John W. Long, John E. Hayes, Elsbeth Akanzinge
Journal of Texture Studies
Temporomandibular Joint Disorders
article

chewR : An Open‐Source R Package for Quantifying Masticatory Performance With Applications in Oral Processing Research

John W. Long, John E. Hayes, Elsbeth Akanzinge
article en

Abstract

Masticatory performance is a measure of oral physiology that affects food breakdown and eating behavior.
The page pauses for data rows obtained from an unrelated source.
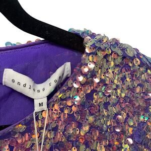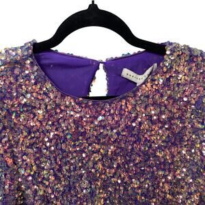 NWT Endless Rose Sequin Shoulder Pad Long Sleeve Top Purple Iridescent Medium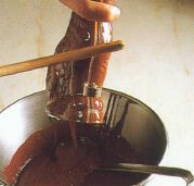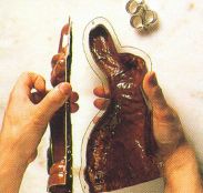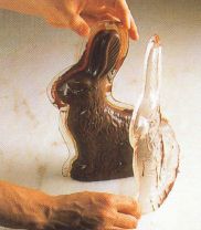 If using couverture chocolate, a cold room (not more than 60°F/16°C) is essential. All utensils must be clean, dry and at room temperature. Here, a rabbit mold is shown.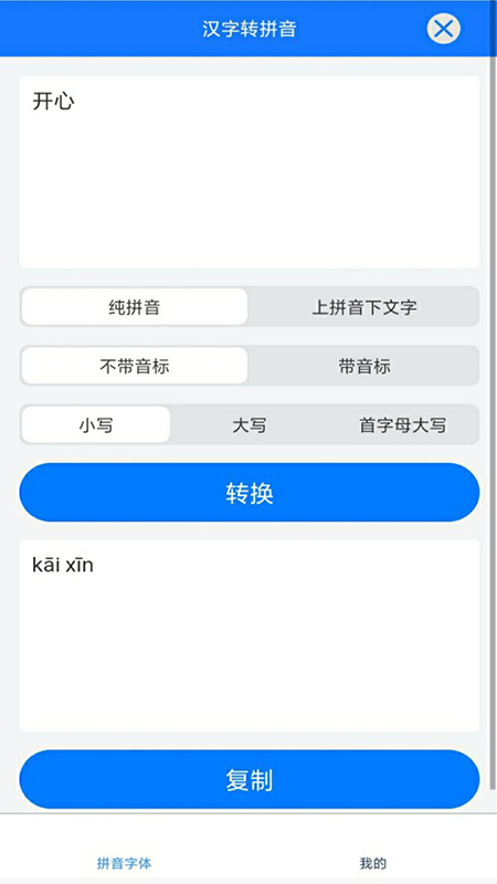 这是一款功能强大的汉字拼音转换和学习工具,支持多种拼音显示方式。用户可以根据需要选择纯拼音、汉字带拼音(上拼音下汉字)等格式,还能自由切换是否显示音标。软件提供大小写转换功能,包括全小写、全大写和首字母大写模式,满足不同场景的使用需求。特别适合正在学习拼音的儿童使用,同时也为家长辅导孩子提供了便利。内置的智能纠错系统能及时指出发音错误,帮助用户快速掌握标准发音。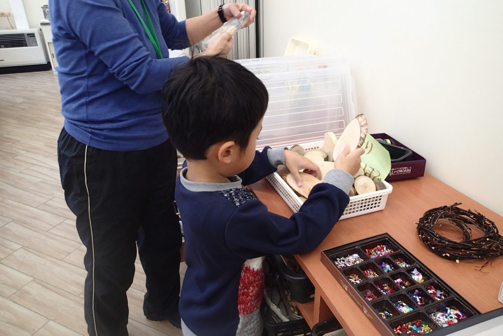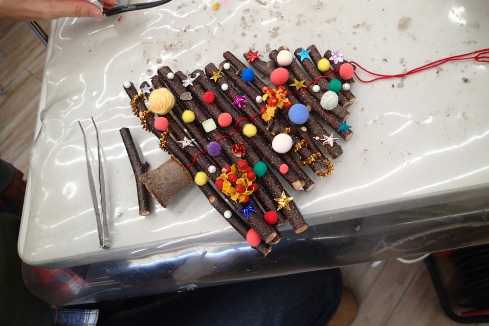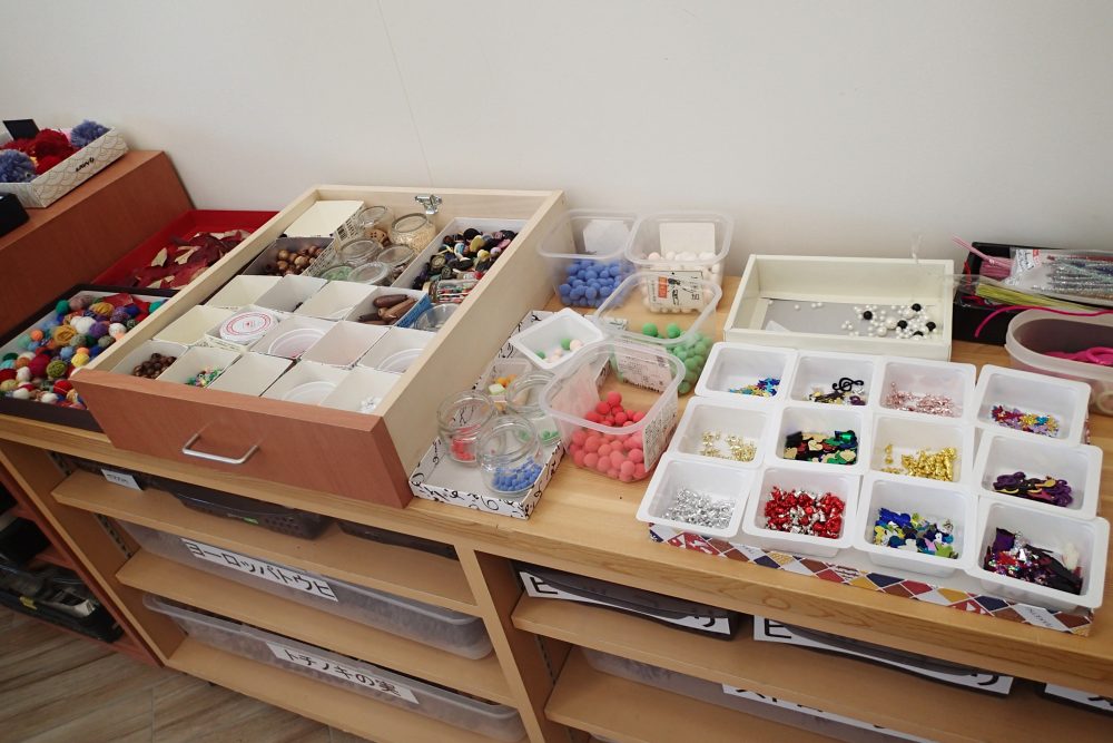 今回はキラキラカラフルなパーツもご用意しました。ビーズやモール、毛糸のボール、スパンコール、リボン、紅葉した葉っぱの押し花などなど。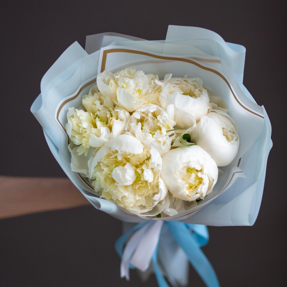 пион duchesse de nemours – 7 шт.Упаковка матовая – 2 шт.Лента атласная – 1 шт.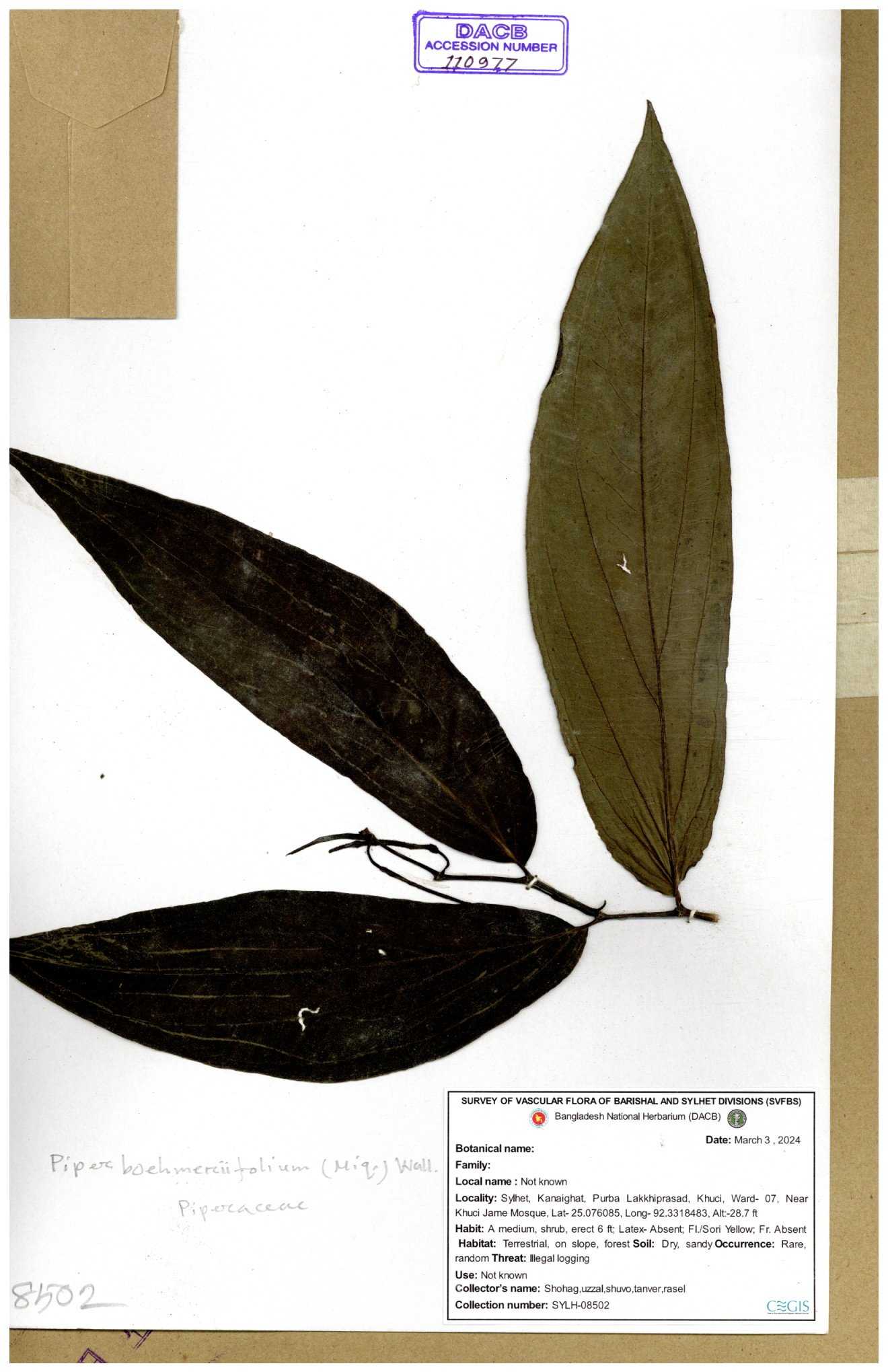 | 110977 | Piperaceae | Piper boehmeriifolium | 30-11--0001 |

Existing methods to quantify masticatory performance rely on labor-intensive procedures (e.g., sieving expectorated samples), or proprietary software (e.g., ViewGum), limiting adoption and reproducibility. In this cross-sectional methods validation study, we: (1) examine the convergent validity of chewR, a user-friendly R package that quantifies masticatory performance in a 2-color gum mixing task via automated image analysis, and (2) examine how chewR based masticatory performance measures relate to other oral processing behaviors. Adults (n = 47, 601% female) completed a laboratory visit with a 2-colored gum mixing task, stimulated salivary flow, and eating rate objectively measured using Tang's carrot test. Chewed gum samples were flattened with a standardized method, scanned, and resulting images were analyzed using ViewGum and chewR. ViewGum generates a score based on the gum color mixing, with lower scores indicating greater masticatory performance. chewR produces a raw score based on gum color mixing; from this, a transformed chewR Masticatory Performance Score was calculated, with higher values indicating greater masticatory performance. chewR measures showed strong convergent validity with ViewGum Score: the raw chewR score and transformed chewR Masticatory Performance Score were each strongly correlated with ViewGum Score (r's = ±0.81, p < 0.00001), with signs in expected directions. Regarding predictive validity, the transformed chewR Masticatory Performance Score was weakly associated with carrot eating rate (r = 0.12), self-reported eating rate (r = 0.20), and stimulated salivary flow (r = 0.21); the same associations were similarly weak for ViewGum Score. These findings support chewR as an open-source alternative to ViewGum to quantify masticatory performance in a gum mixing task.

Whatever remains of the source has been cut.